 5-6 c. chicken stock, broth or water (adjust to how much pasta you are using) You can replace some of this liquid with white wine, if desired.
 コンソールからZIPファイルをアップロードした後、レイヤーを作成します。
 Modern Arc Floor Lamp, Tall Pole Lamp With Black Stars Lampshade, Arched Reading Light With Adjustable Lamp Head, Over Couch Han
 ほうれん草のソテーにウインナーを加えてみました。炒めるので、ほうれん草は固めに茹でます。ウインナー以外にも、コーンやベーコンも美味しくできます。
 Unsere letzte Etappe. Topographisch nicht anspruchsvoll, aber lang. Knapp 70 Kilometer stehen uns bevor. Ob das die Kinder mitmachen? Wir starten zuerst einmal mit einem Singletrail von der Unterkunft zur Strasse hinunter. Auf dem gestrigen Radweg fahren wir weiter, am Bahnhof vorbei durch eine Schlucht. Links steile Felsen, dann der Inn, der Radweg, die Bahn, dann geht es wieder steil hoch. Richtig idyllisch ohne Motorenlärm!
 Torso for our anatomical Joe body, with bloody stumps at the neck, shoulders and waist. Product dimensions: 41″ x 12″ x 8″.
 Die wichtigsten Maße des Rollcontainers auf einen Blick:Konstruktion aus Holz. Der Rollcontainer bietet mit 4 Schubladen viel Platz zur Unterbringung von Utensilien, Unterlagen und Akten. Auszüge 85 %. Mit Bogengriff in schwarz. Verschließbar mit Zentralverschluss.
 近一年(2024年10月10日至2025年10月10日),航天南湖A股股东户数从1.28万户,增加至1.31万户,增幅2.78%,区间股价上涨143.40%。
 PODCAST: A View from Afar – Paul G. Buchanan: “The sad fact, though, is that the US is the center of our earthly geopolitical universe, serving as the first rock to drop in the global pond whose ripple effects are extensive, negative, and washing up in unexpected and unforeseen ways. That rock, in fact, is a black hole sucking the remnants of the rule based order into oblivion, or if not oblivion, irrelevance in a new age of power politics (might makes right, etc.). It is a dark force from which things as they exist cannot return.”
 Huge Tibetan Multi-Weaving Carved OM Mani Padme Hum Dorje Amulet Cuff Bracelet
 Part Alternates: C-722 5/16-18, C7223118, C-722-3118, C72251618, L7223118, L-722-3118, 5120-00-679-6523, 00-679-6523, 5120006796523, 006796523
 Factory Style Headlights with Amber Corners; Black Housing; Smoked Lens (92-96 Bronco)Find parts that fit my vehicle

※ ※ ※

◆ Requirement: Once you reach the line containing "ほうれん草のソテーにウインナ", transcribe it and each line after it through the end of the material, exactly and with nothing added.

◆ Exercise response:
 ほうれん草のソテーにウインナーを加えてみました。炒めるので、ほうれん草は固めに茹でます。ウインナー以外にも、コーンやベーコンも美味しくできます。
 Unsere letzte Etappe. Topographisch nicht anspruchsvoll, aber lang. Knapp 70 Kilometer stehen uns bevor. Ob das die Kinder mitmachen? Wir starten zuerst einmal mit einem Singletrail von der Unterkunft zur Strasse hinunter. Auf dem gestrigen Radweg fahren wir weiter, am Bahnhof vorbei durch eine Schlucht. Links steile Felsen, dann der Inn, der Radweg, die Bahn, dann geht es wieder steil hoch. Richtig idyllisch ohne Motorenlärm!
 Torso for our anatomical Joe body, with bloody stumps at the neck, shoulders and waist. Product dimensions: 41″ x 12″ x 8″.
 Die wichtigsten Maße des Rollcontainers auf einen Blick:Konstruktion aus Holz. Der Rollcontainer bietet mit 4 Schubladen viel Platz zur Unterbringung von Utensilien, Unterlagen und Akten. Auszüge 85 %. Mit Bogengriff in schwarz. Verschließbar mit Zentralverschluss.
 近一年(2024年10月10日至2025年10月10日),航天南湖A股股东户数从1.28万户,增加至1.31万户,增幅2.78%,区间股价上涨143.40%。
 PODCAST: A View from Afar – Paul G. Buchanan: “The sad fact, though, is that the US is the center of our earthly geopolitical universe, serving as the first rock to drop in the global pond whose ripple effects are extensive, negative, and washing up in unexpected and unforeseen ways. That rock, in fact, is a black hole sucking the remnants of the rule based order into oblivion, or if not oblivion, irrelevance in a new age of power politics (might makes right, etc.). It is a dark force from which things as they exist cannot return.”
 Huge Tibetan Multi-Weaving Carved OM Mani Padme Hum Dorje Amulet Cuff Bracelet
 Part Alternates: C-722 5/16-18, C7223118, C-722-3118, C72251618, L7223118, L-722-3118, 5120-00-679-6523, 00-679-6523, 5120006796523, 006796523
 Factory Style Headlights with Amber Corners; Black Housing; Smoked Lens (92-96 Bronco)Find parts that fit my vehicle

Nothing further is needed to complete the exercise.